Approximately 15% of GISTs do not have detectable mutations in the receptor tyrosine kinase genes, KIT or PDGFRA, and are generally termed ‘wild-type’ (wt) GISTs[1-3]. These are the primary form of GIST found in children. The wt GISTs harbour other genomic aberrations, including mutations in BRAF, NF1, NTRK and subunits of the succinate dehydrogenase (SDH) complex[1, 2, 4-6]. The wt GISTs are rare, which has made it difficult to determine their clinical and genetic features[1, 3]. Analysis of a large cohort of patients with wt GIST (n=95) identified three molecular subtypes—two types of SDH-deficient GIST (SDH-mutant and SDH-epimutant) and SDH-competent GIST (characterised largely by BRAF, NF1 or more rare gene mutations). This classification identifies two distinct diagnostic groups with implications for prognosis and clinical management: SDH-competent GISTs (sharing tumour and demographic features with KIT/PDGFRA-mutated GISTs) and SDH-deficient GISTs (frequently associated with syndromic GIST and harbouring molecular lesions of SDH subunits).
SDH-deficient wt GIST
SDH deficiency is the most frequent molecular alteration in wt GIST[3, 7, 8]. SDH is a mitochondrial enzyme complex comprised of four subunits—SDHA, SDHB, SDHC, and SDHD—whose genes map to 5p15.33, 1p36.13, 1q23.3, and 11q23.1, respectively. Located in the inner mitochondrial membrane, the SDH complex plays a role in the electron transport chain and Krebs cycle, catalysing the oxidation of succinate to fumarate[1, 4]. Deficiency of SDH complex leads to accumulation of succinate, resulting in hypoxia-inducible factor (HIF)1-α stabilisation and constitutive activation of hypoxic signalling and tumorigenesis[1, 4]. In parallel, succinate accumulation also inhibits key enzymes that regulate the epigenome leading to hypermethylation of DNA and histones[9, 10].

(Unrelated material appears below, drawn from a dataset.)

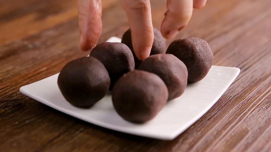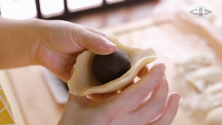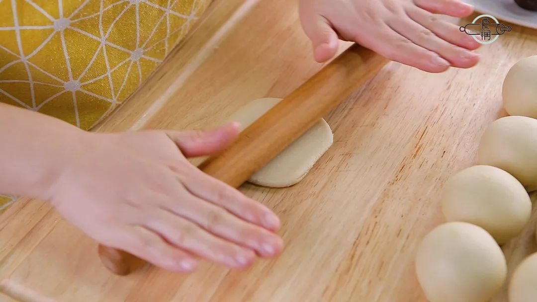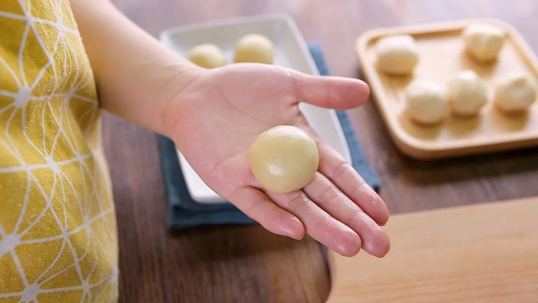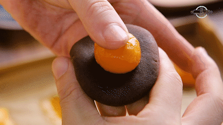 红豆沙分割成团,根据需要的数量分割30g/个,将红豆沙包裹烤焙好的咸蛋黄备用,视频中用的是易小焙豆沙馅,操作起来很顺手

Deficiency of SDH in GIST can arise either from mutation in one of the genes encoding the SDH subunits, SDHA, SDHB, SDHC or SDHD (collectively referred to as SDHx mutations) or through epigenetic silencing of SDHC (inactivation through promoter hypermethylation)[3, 7, 10]. A large proportion of GIST SDHx-mutations are present in the germline, which has implications for genetic counselling and testing of first-degree relatives of these patients[3, 11].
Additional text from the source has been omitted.